These results are similar to those reported by Wena et al²², who evaluated an enzyme cocktail in corn-soybean diets with lower nutrient content, and found that the nutritional value of the feed was improved; for this reason, enzymes are used in the food industry to reduce formulation costs without affecting productive behavior⁸; similarly, in this study, nutrient reduced diets, based on the nutritional recommendations for the Bovans White strain, had a lower content of soybean meal and oil.

Sobczak and Kozlowski²³ evaluated the effect of adding Bacillus subtilis on egg production without significant changes in egg weight, laying percentage, feed intake, and feed conversion. Other studies also show that the use of probiotics in hen diets has no influence on productive performance²⁴.

Higher egg weights were observed in diets without nutrient reduction, which probably suggests that the reduction of 50 kcal of ME in sorghum-soybean-canola+enzymes diets did not provide a sufficient amount of ME for the multienzyme complex. However, the diets supplemented with the enzymes and probiotic increased egg weight, probably due to the promotion of a more favorable microbiome and enhanced intestinal health caused by Bacillus subtilis. Amerah et al⁹ also demonstrated that amylases, xylanases, and proteases, alone or combined, increase non-starchy polysaccharides digestibility. However, a different study¹⁶ evaluated the productive performance of broilers fed diets supplemented with phytase, alone or combined with xylanases, amylases, proteases, and Bacillus amyloliqueciens as a probiotic; there were no significant positive effects. Although the combination did increase the apparent ileal digestibility of sugars and fat, with an increase in ME; it also reduced the pathogenic bacteria populations.

A previous study reports that corn-soybean-canola meal diets supplemented with carbohydrases and proteases increase weight gain and feed conversion; it also enhances protein digestibility and metabolizable energy²⁵; these results differ from findings of this study since these productive parameters were not improved. The cholesterol, HDL, and LDH data showed no significant difference in this study; however, Salma et al²⁶ used different concentrations of a Rhodobacter capsulatus probiotic in hens fed corn-soybean diets and reported that the diets with a higher concentration of the probiotic increased serum high-density lipoproteins (HDL), cholesterol, and the atherogenic index. Recently, a study reported³ that the addition of 0, 250, 450, and 900 U/kg of xylanases derived from the fermentation of Bacillus subtilis to corn-wheat-soybean meal diets fed to Hy-Line Brown hens, did not improve the productive parameters; however, there was an effect on shell thickness and Haugh units; which does not agree with the results of the present study.
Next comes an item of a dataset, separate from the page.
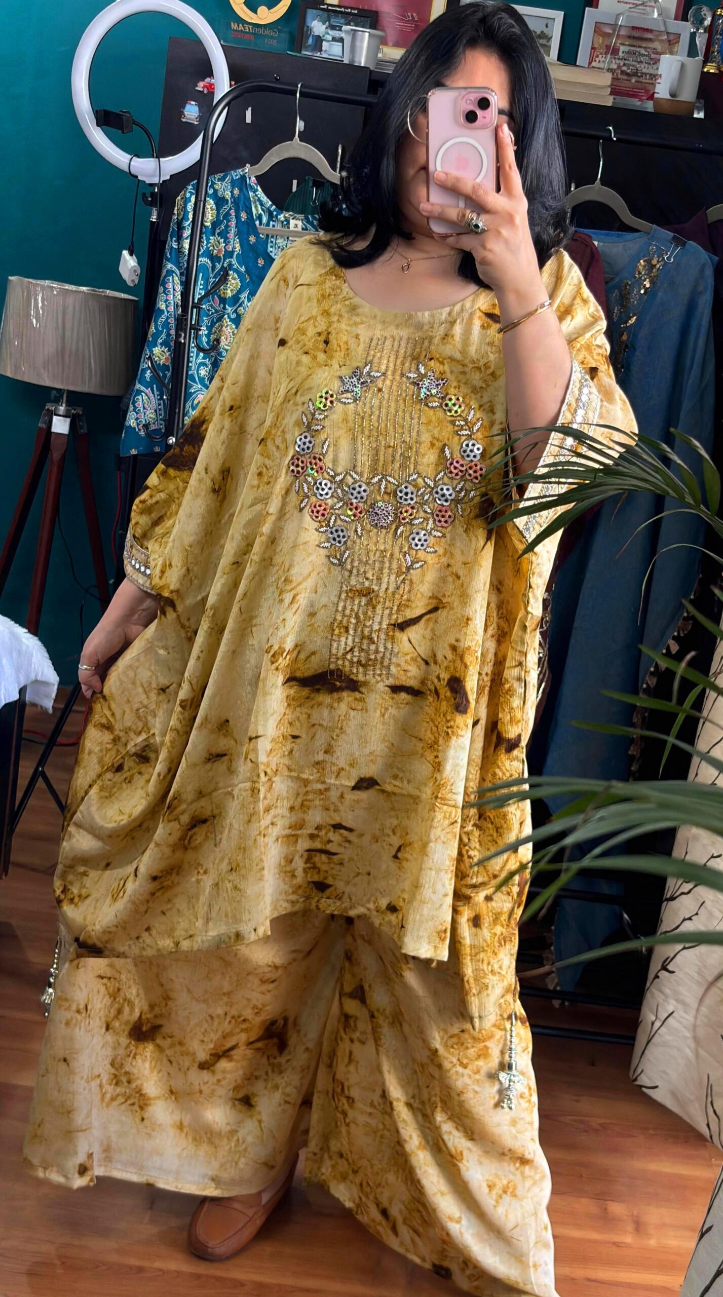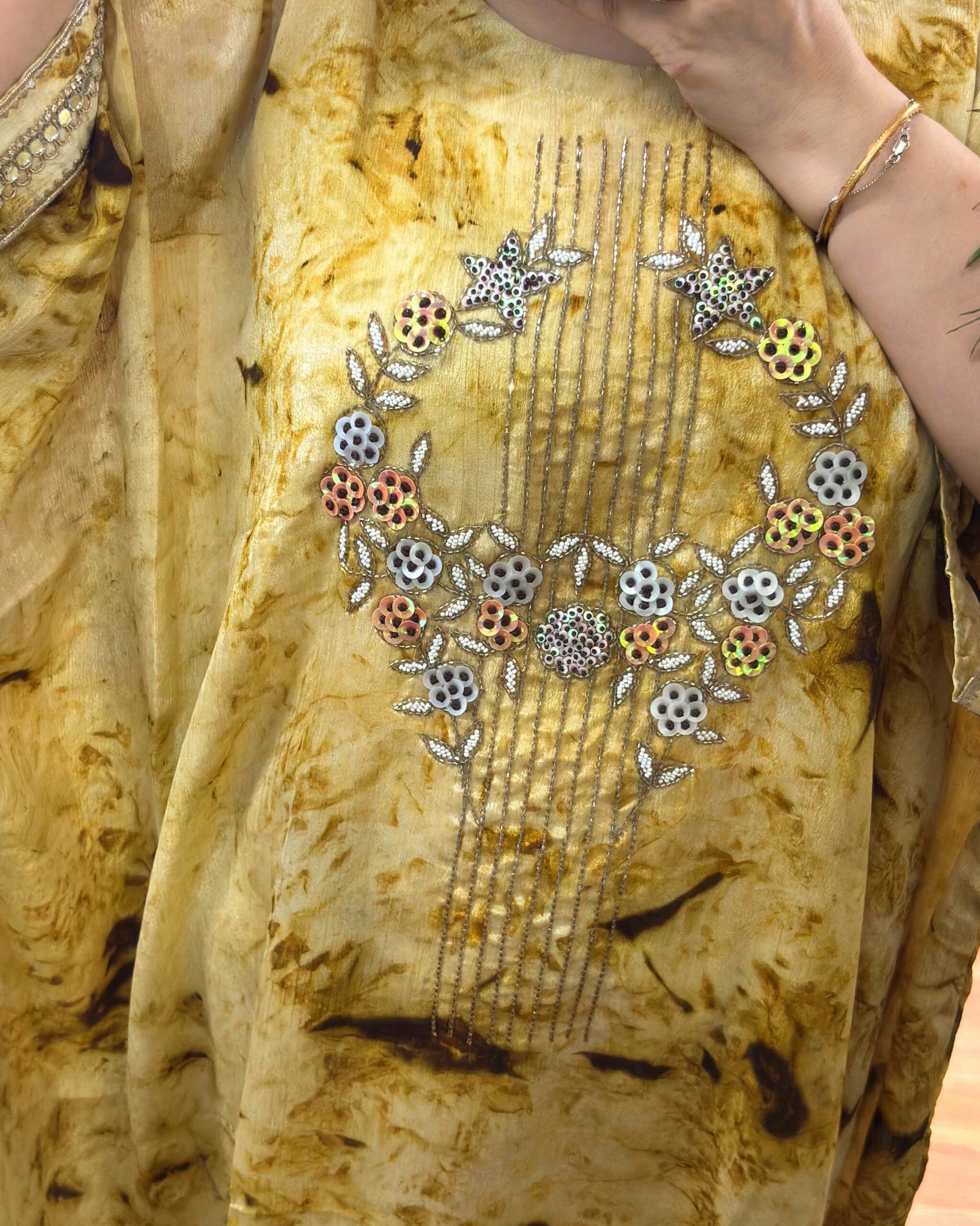 Tissue Shimmer self printed fabric designer kaftan Set Kaftan details - Kaftan Top is crafted with elegant handwork on neck front and beautiful lace work is on the edges of kaftan. Bottom - straight Pant with elastic. Perfect outfit for day & night gatherings and enlighten your wardrobe.₹1,995.00

Conclusions and implications

The use of a multienzyme complex of amylases, proteases, and xylanases plus a Bacillus subtilis spore-based probiotic in sorghum-soybean-canola diets with the nutritional recommendations for the Bovans White strain, allows reducing the ME in 50 kcal/kg, as well as the protein and essential amino acids, lysine and methionine, in 2 %, with no detrimental effect on the productive performance of 42- to 54 wk-old Bovans White hens. The enzyme complex and Bacillus subtilis probiotic did not affect the intestinal secretory IgA or serum cholesterol, HDL, and LDH values.

Literatura citada

1. Hahn-Didde D, Purdum ESh. The effects of an enzyme complex in moderate and low nutrient-dense diets with dried distillers’ grains with solubles in laying hens. J Appl Poult Res 2014;23(1):23-33. [ Links ]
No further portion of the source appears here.